[[ DATA SHOWN, beginning ]]
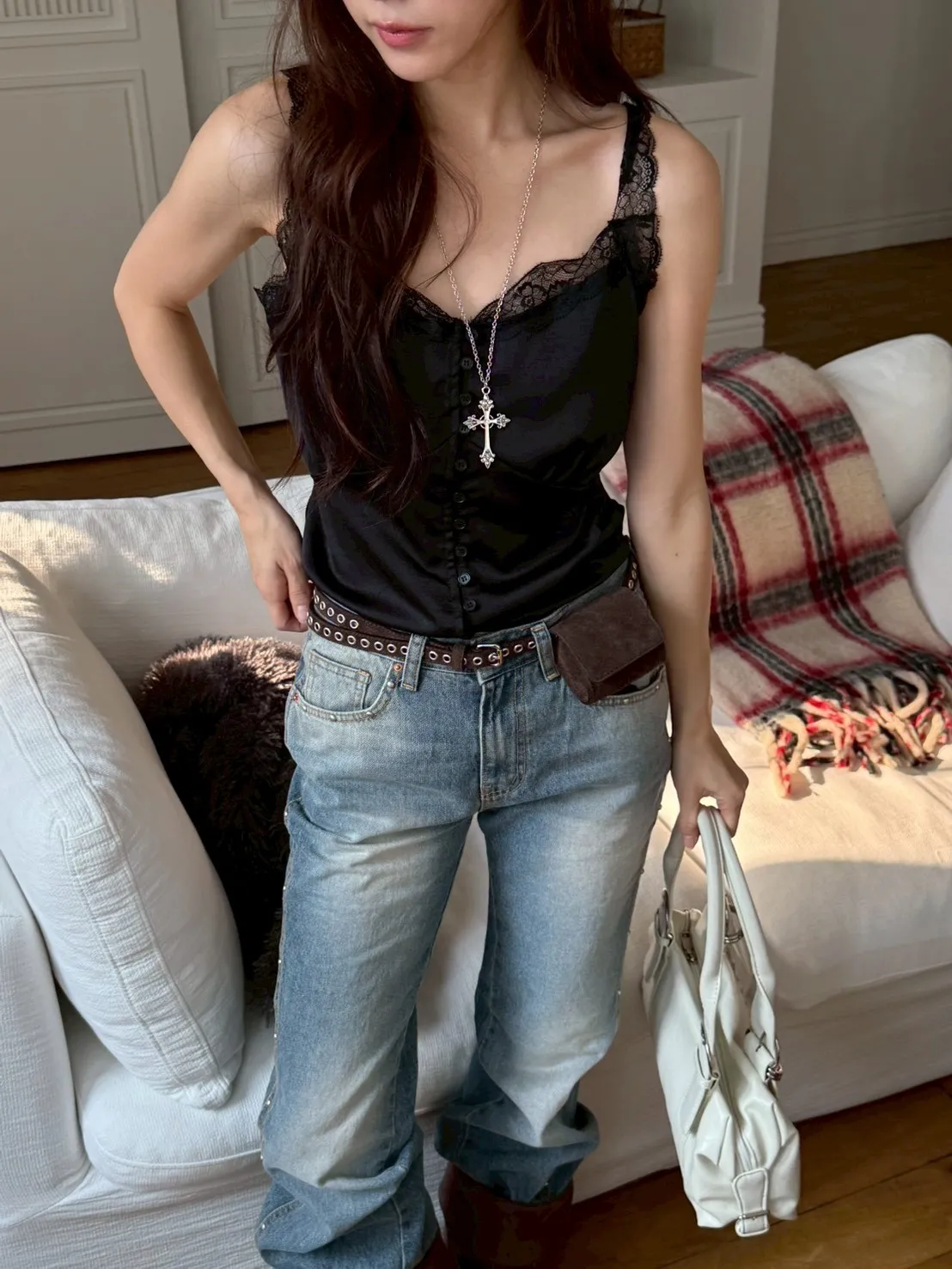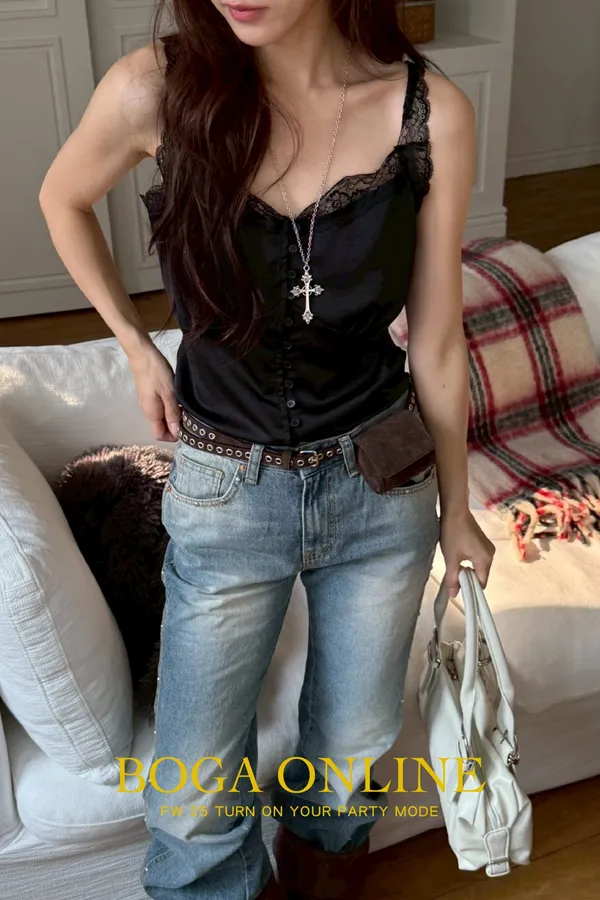 [韓國]不被定義的浪漫蕾絲背心.黑
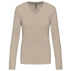 Kariban K382 - Light Sand - LADIES' LONG SLEEVE V-NECK T-SHIRT
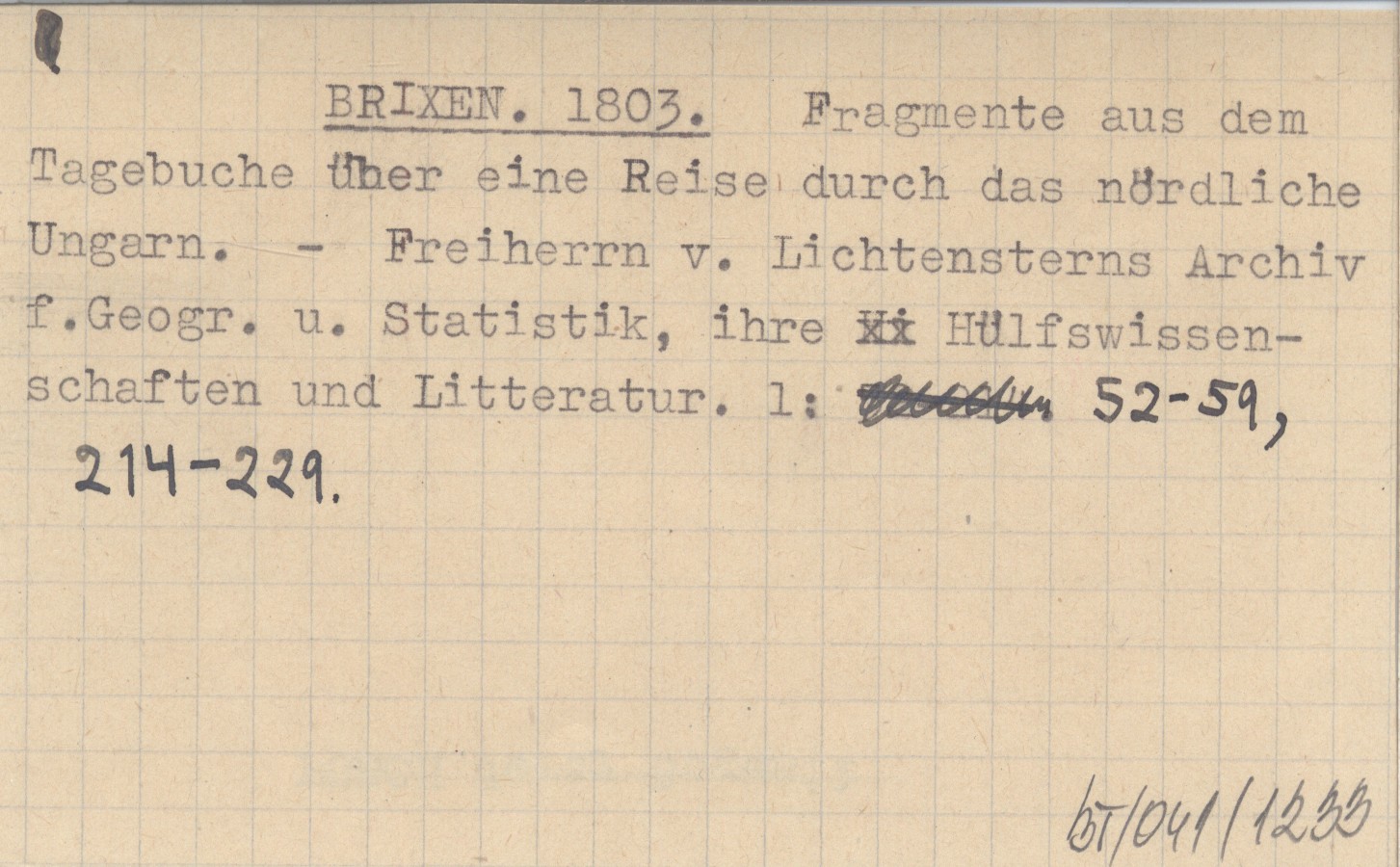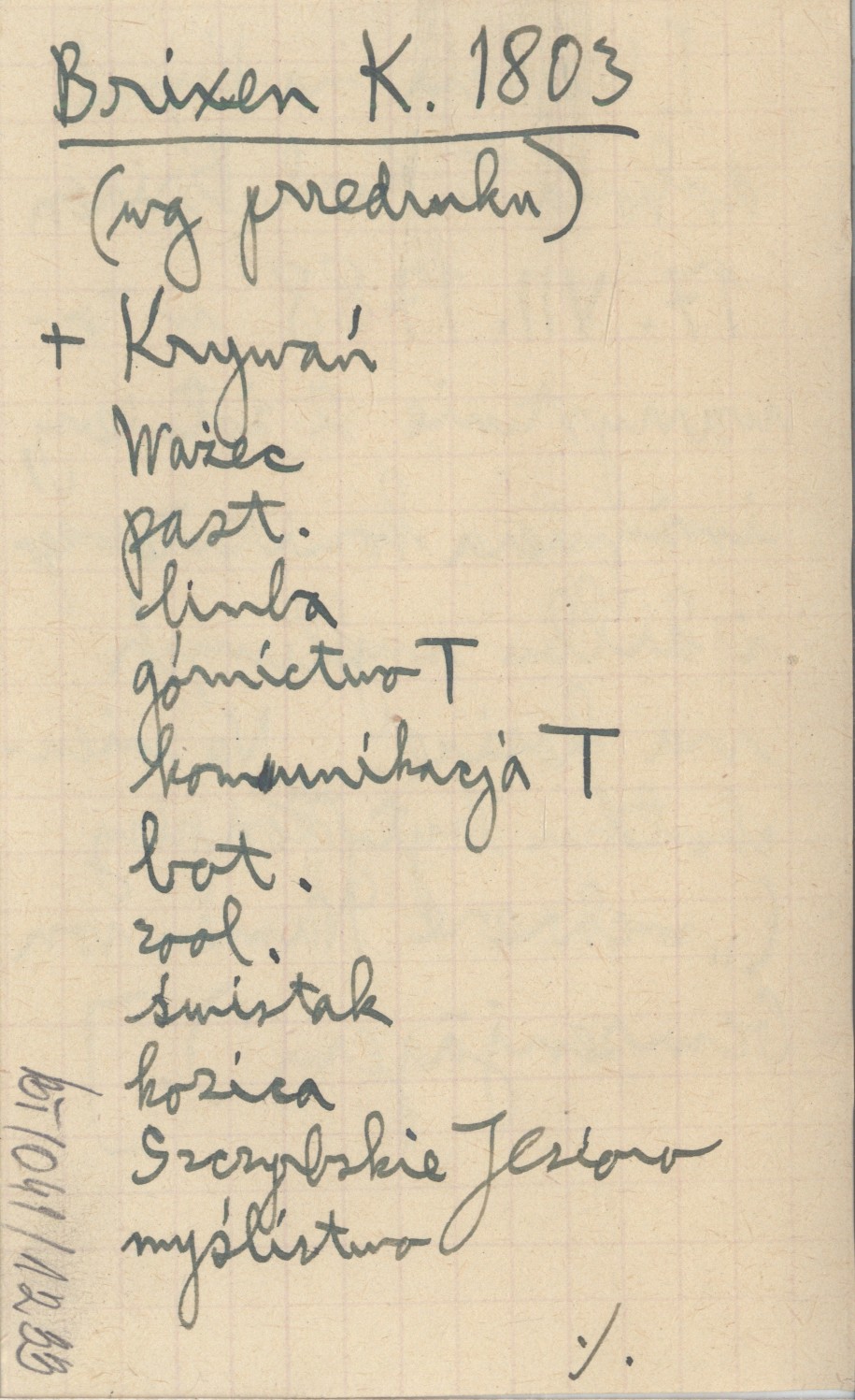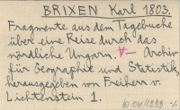 Löcse , 8 s., okł. (?), 12x17 cm. Poza krótkim wstępem zawiera przedruk pozycji: BRIXEN K. 1803
[[ DATA SHOWN, end ]]
* **WORK INSTRUCTION**
Copy exactly the lines running from the line with "Kariban K382 - Light" to the final line of the listing, keeping both ends and dropping any picture.

* **ANSWER**
 Kariban K382 - Light Sand - LADIES' LONG SLEEVE V-NECK T-SHIRT
 Löcse , 8 s., okł. (?), 12x17 cm. Poza krótkim wstępem zawiera przedruk pozycji: BRIXEN K. 1803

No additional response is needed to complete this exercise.